Aux Etats-Unis, on aime ceux qui défient l’autorité de l’Etat.
De Jesse James à Bonne and Clyde en passant par Billy the kid, Dillinger ou Al Capone, les outlaws, les hors-la-loi, ont été et pour certains demeurent des icônes populaires dont on célèbre la légende faite de faits d’armes enjolivés et d’une image quasi-angélique ou héroïque (portée souvent par Hollywood, voire les films consacrés à tous ceux que l’on vient de citer) qui ne correspond à rien de ce qu’ont été ces personnages violents attirés seulement avant tout par l’appât du gain.
La légende du Far-West a évidemment à voir avec cette tradition du «bad boy» populaire.
Mais pas seulement.
Pour un peuple d’immigrés dont les aïeuls se sont souvent confrontés à la loi du fait de leur pauvreté ou de démêlés divers et variés qui les ont obligé à partir de leur pays d’origine pour la grande traversée, on a une indulgence pour ce qui ne sont en réalité, le plus souvent, que des petits malfrats qui n’avaient aucun message particulier à délivrer, sauf peut-être Jesse James qui était un sudiste pur et dur qui n’avait pas accepté pas la défaite de la Guerre de sécession et l’abolition de l’esclavage…
C’est sans doute là qu’il faut trouver la popularité qui a touché Trump depuis de nombreuses années – bien avant qu’il se lance en politique, avec des affaires sulfureuses qui l’on conduit plusieurs fois à la faillite – et qui continue à le porter auprès d’une frange très importante de militants et d’électeurs du Parti républicain après son passage à la Maison blanche et sa tentative de coup d’Etat.

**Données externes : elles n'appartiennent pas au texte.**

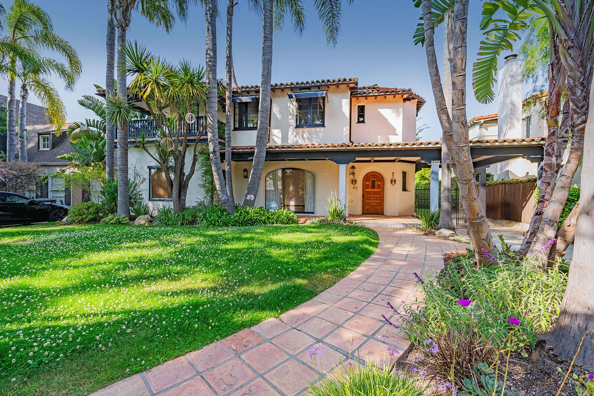 Welcome to this enchanting 1920s Spanish residence, where timeless elegance meets modern comfort. This stunning home showcases authentic period details and unparalleled craftsmanship. Step into the oversized living room, featuring original red oak floors, a large wood-burning fireplace, and French doors that open to a charming courtyard adorned with a fountain and rare Camellia trees planted between 1927 and 1930. The foyer and elegant dining room boast original crown molding with seven layers of hand-applied gold leaf, adding a touch of opulence to every meal. A cozy library off the living room offers a perfect retreat, while the family room with a fireplace leads to an outdoor oasis. Here, you’ll find an ozone pool and spa, both with waterfalls, surrounded by a lush yard. The large finished garage provides versatile space, ideal for a recreation room. Upstairs, each bedroom offers its own private balcony and spacious dressing room, ensuring comfort and privacy for everyone. The expansive 8,940 sq ft lot, located on the west-facing side of the street, provides stunning sunset views on one of the most picturesque, tree-lined blocks in the area. Come experience the magic of this beautiful home and make it your own.
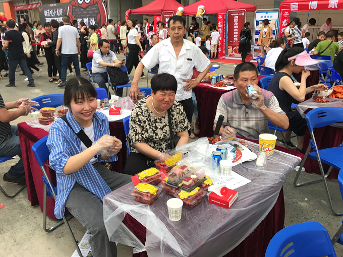 份量十足的小龙虾令人食指大动,领到小龙虾的观众一落座便大快朵颐。麻辣小龙虾、爽口冰啤酒,这场美食盛宴让现场观众称赞不已。
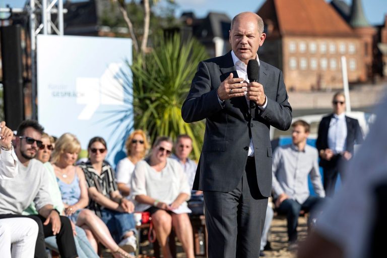 Chancellor Olaf Scholz gives a speech in Schleswig-Holstein. Credit: German Federal Government / Bergmann.
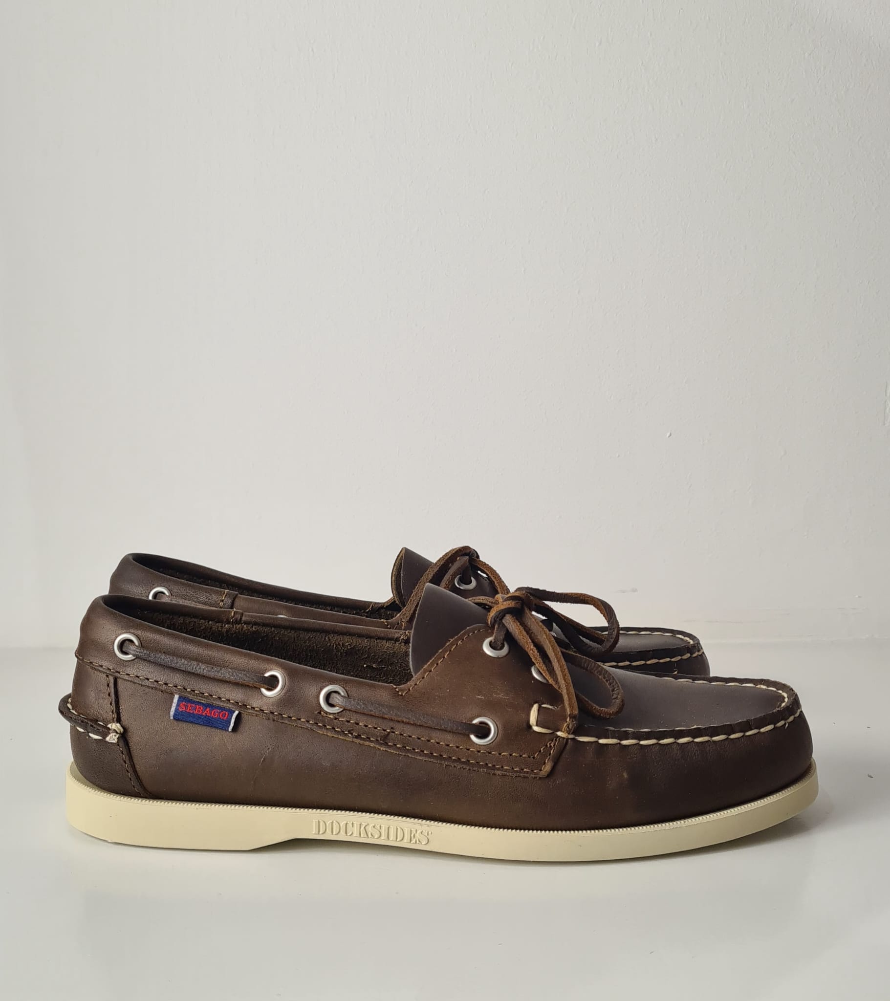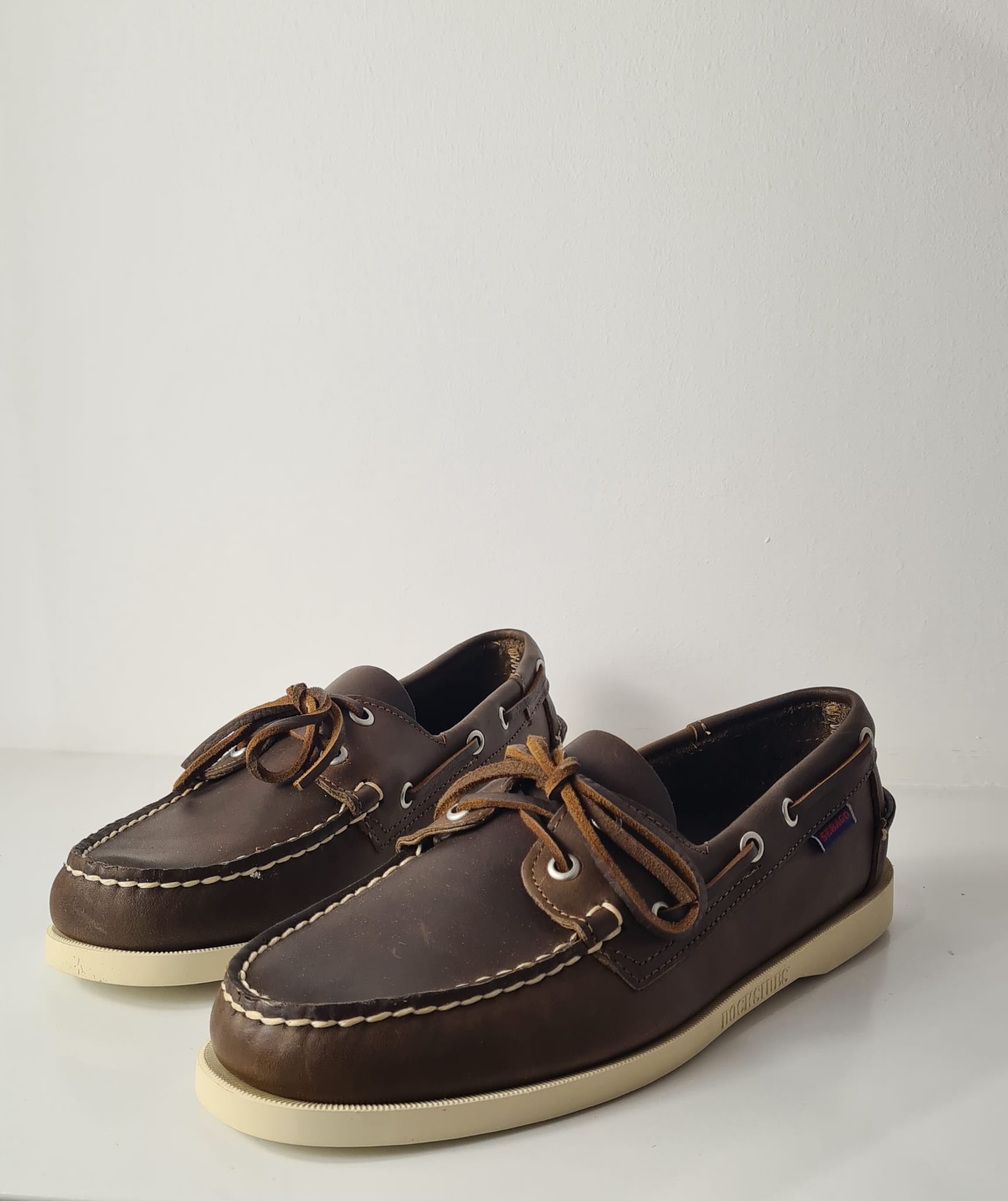 Mocassino “Sebago” in pelle scamosciata sfoderata e cucita a mano con la migliore lavorazione artigianale.
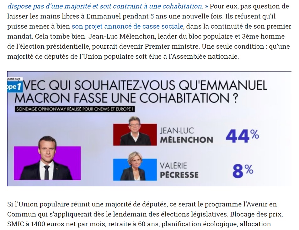 Du reste, 46% de ceux qui souhaitent une cohabitation disent vouloir Marine Le Pen comme Premier ministre, ce que @L_insoumission se garde bien de préciser.
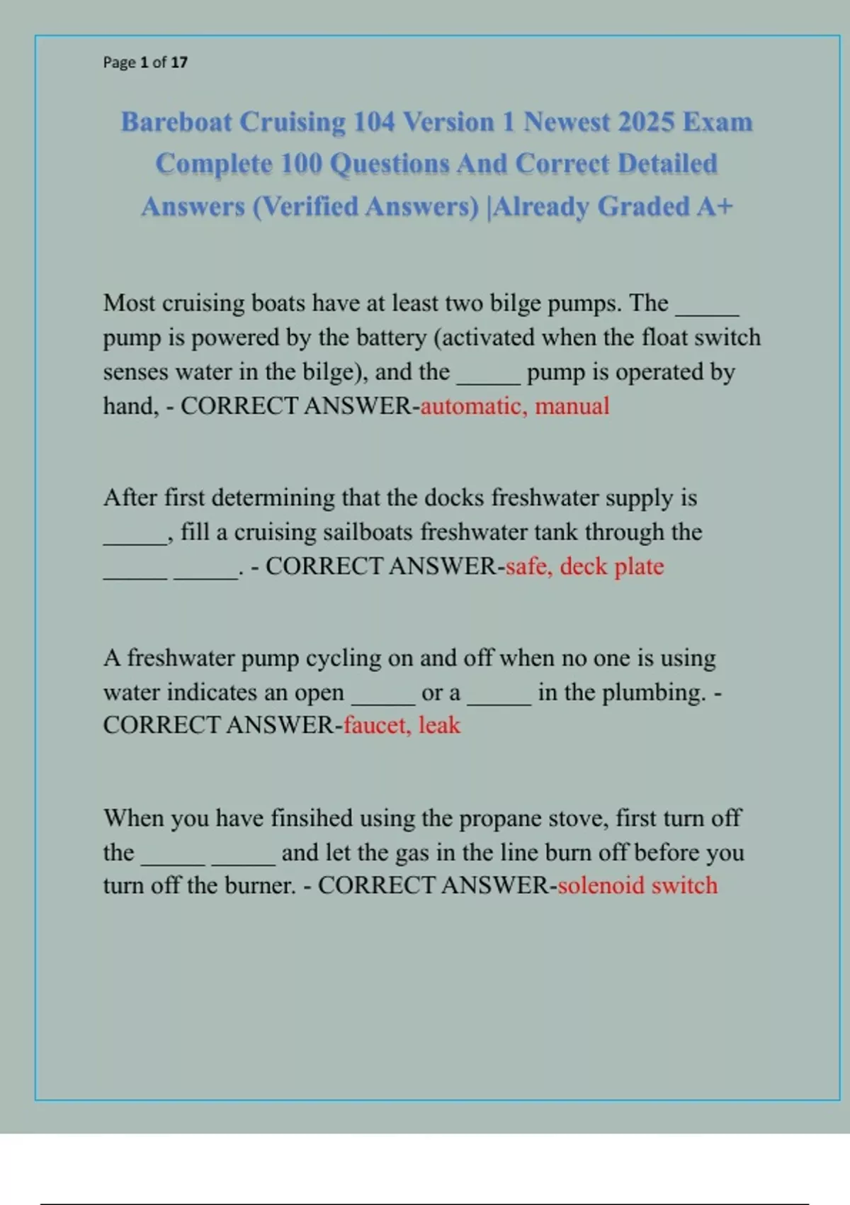 Bareboat Cruising 104 Version 1 Newest 2025 Exam Complete 100 Questions And Correct Detailed Answers (Verified Answers) |Already Graded A+
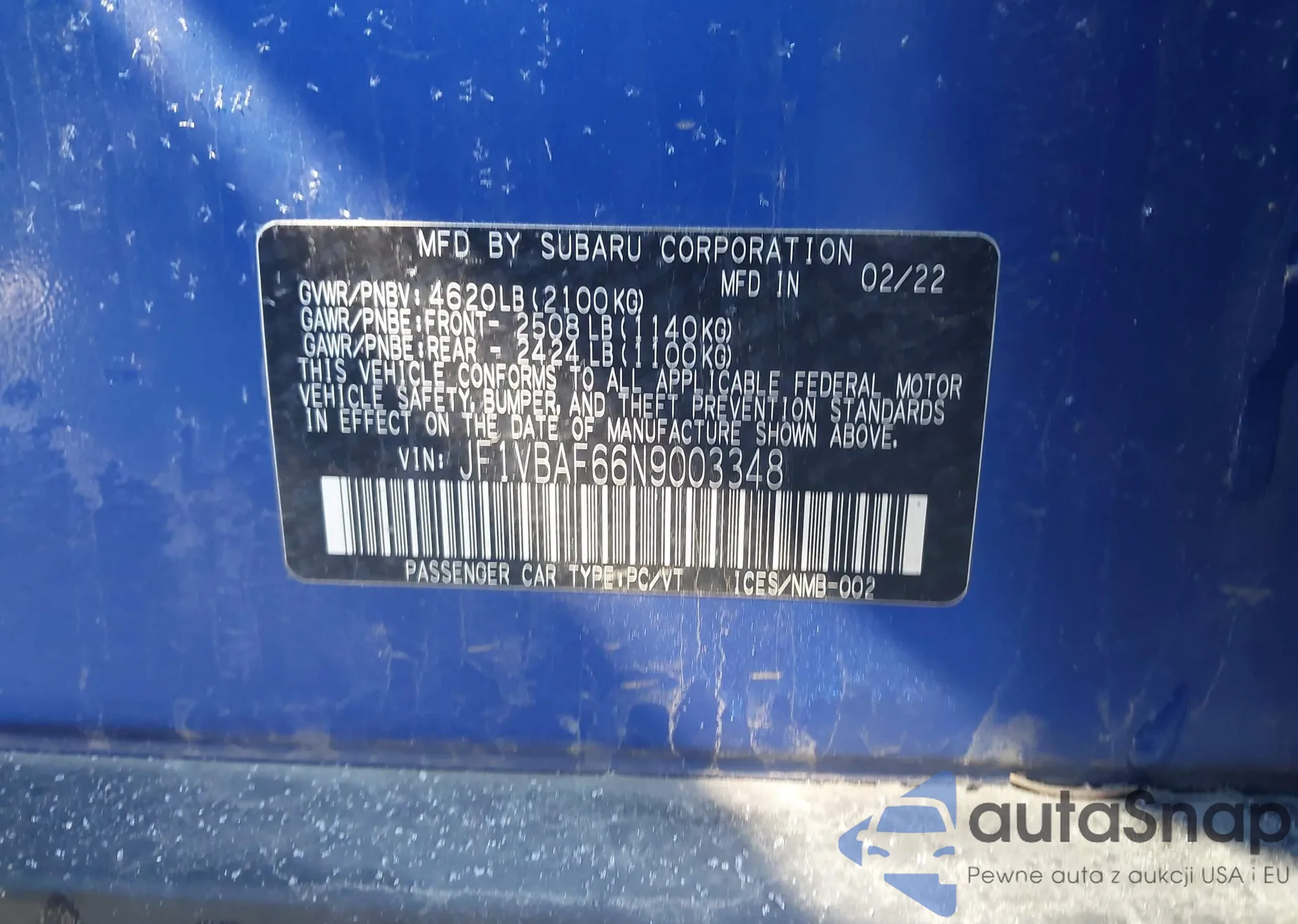 LOT: 44192657 VIN: JF1VBAF66N9003348
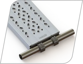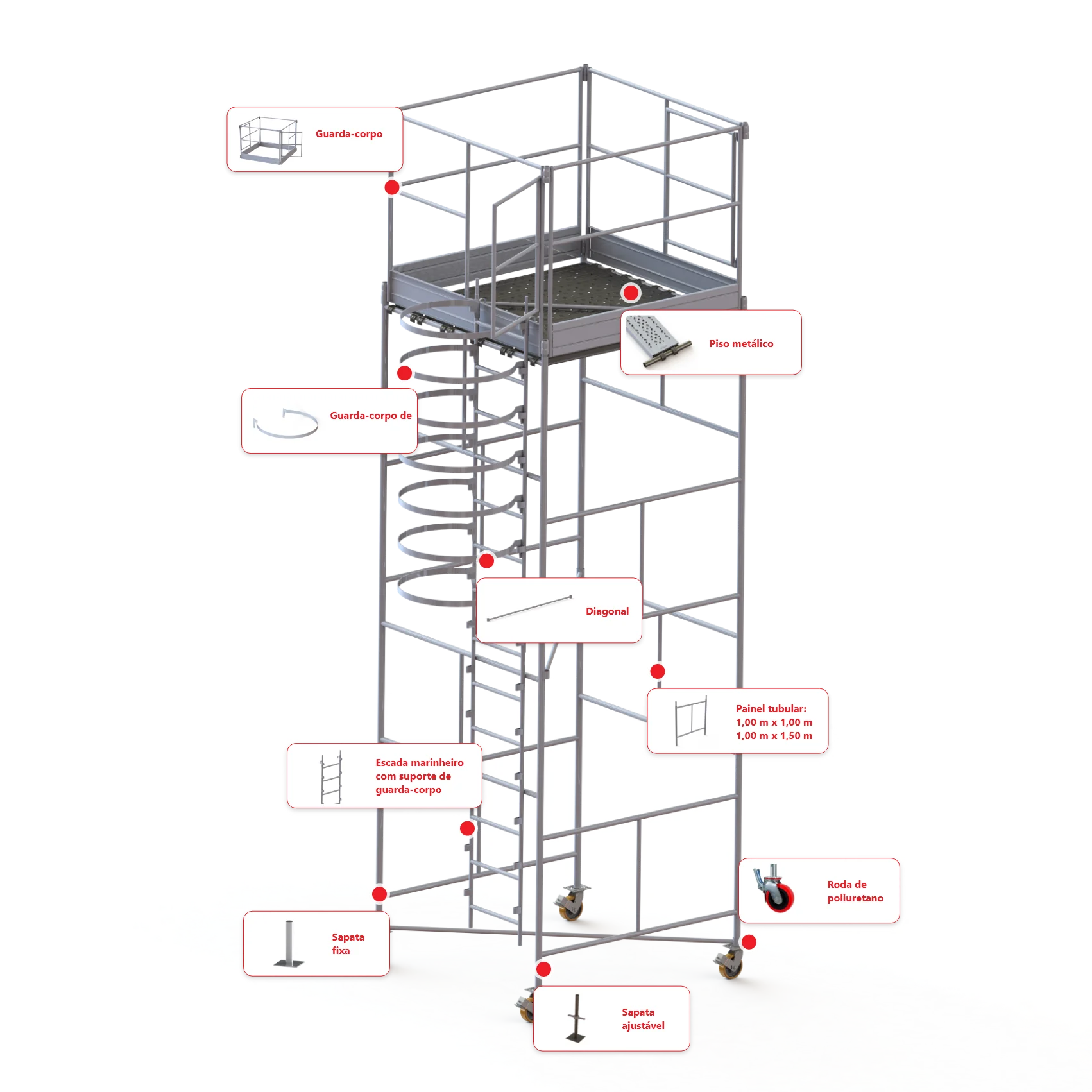 Os encaixes desse andaime são projetados para ser firmes e simples de montar, dispensando a necessidade de ferramentas especiais.

Sondages après sondages il demeure le favori des primaires républicaines et ce malgré les quatre inculpations avec 91 chefs d’accusation qui le touchent sans parler de son passage par la case prison hier dans le cadre d’une de ces inculpations pour une photo anthropométrique et la prise de ses empreintes.
Oui, Trump est un «bad boy» qu’une partie des Américains apprécient et que ses fans – c’est comme ça que l’on doit parler de ses soutiens fanatiques – adulent se gavant de sa légende et refusant la réalité de ce qu’il est.
Ce qui est assez paradoxal, néanmoins, c’est qu’il soit devenu une égérie du Parti républicain qui est à l’origine le parti de l’ordre et du conservatisme.
Et ce n’est pas seulement auprès des libertariens et des suprémacistes blancs d’extrême-droite – nouvelles composantes des républicains depuis la fin des années 1960 – qu’il est populaire mais auprès de beaucoup de ceux qui vénèrent les soi-disant valeurs américaines d’une version de droite du rêve américain où l’heureux élu a, non seulement, forgé sa réussite individuelle grâce à son talent et à sa persévérance mais contre l’establishment, contre les «autorités» fédérales, ennemies acharnées de la «liberté» (c’est-à-dire de s’émanciper des règles sociales présentées comme «socialistes» voire comme «communistes») par ces électeurs devenus trumpistes.
Tout cela n’augure évidemment rien de bon pour 2024 où à défaut de victoire – il semble qu’une grande majorité d’Américains ne veut absolument pas de Trump même si beaucoup d’entre eux sont réticents à voter pour Biden –, sa présence plus que probable en tant que candidat du Parti républicain sera une nouvelle gifle pour la démocratie américaine et la démocratie tout court.
On peut espérer deux choses qui ont toujours été fatales aux «bad boys».
La première, c’est leur outrance dans leur domaine d’activité – la violence pour les criminels, par exemple – qui a fini par lasser une grande partie de leurs fans.
Mais il est difficile de prévoir à quel moment il dépassera le seuil de l’acceptabilité.
La deuxième, c’est la condamnation par la justice car, celle-ci rendure par le peuple américain et en son nom, est le plus souvent la preuve ultime que leurs méfaits n’était pas une épopée du cinéma hollywoodien...
C’est d’ailleurs pourquoi les avocats de Trump tentent par tous les moyens de reporter les procès après l’élection de novembre 2024 et que les procureurs font tout pour que ceux-ci se tiennent entre maintenant et l’été prochain.